In order to achieve an accurate and consistent assessment of the possibility an individual will regain consciousness from an unconscious state (i.e. maximize treatment expectations) each general stage of unconsciousness must be identified. Consciousness itself is divided into two main features: arousal and awareness with arousal incorporating wakefulness and awareness incorporating acknowledgement of environment and oneself.3,4 Note that arousal is a necessary condition for awareness. For the purpose of this discussion four states will be identified: coma, vegetative state, minimum conscious state (MCS) and locked-in syndrome. Brain death is not considered because there is no reasonable and consistent path to recovery.

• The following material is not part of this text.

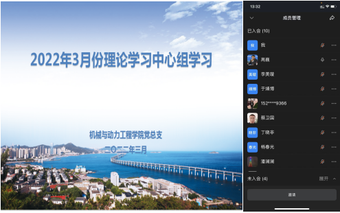 2022年3月28日,机械与动力工程学院党总支在学院在钉钉线上平台召开2022年3月份理论学习中心组学习会议。学院党总支理论学习中心组成员、各党支部书记参加会议,本次学习由党总支书记高巍同志领学。

A coma is principally defined as the absence of arousal, thus also the lack of awareness and the lack of consciousness. In a coma the patient is unresponsive unable to open his/her eyes. Stimulation does not produce spontaneous periods of arousal.3 A coma requires at least one hour of arousal absence to separate it from concussion or syncope (fainting). Fortunately most individuals tend to move beyond a coma state into either a vegetative state or MCS, but after this progression further advancement is less certain.

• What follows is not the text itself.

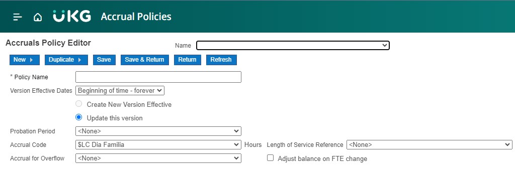 After ensuring all the necessary information in the Policy is complete, click on “Save & Return.” This action finalizes the Accrual Policy, making it ready to be assigned to an Accrual Profile. Once assigned to a Profile, the Policy can then be allocated to an employee.

A vegetative state is defined as sporadic, yet existing arousal with a complete lack of awareness. The term “vegetative” is typically defined as “living merely a physical life devoid of intellectual activity or social intercourse”.5 This state can be acute, persistent or permanent where a persistent vegetative state is one that is prolonged for at least 1 month after brain damage be it acute traumatic or non-traumatic.6 Not surprisingly permanent vegetative states are believed to be irreversible and require at least 3 months after a non-traumatic brain injury or 12 months after a traumatic one for such classification.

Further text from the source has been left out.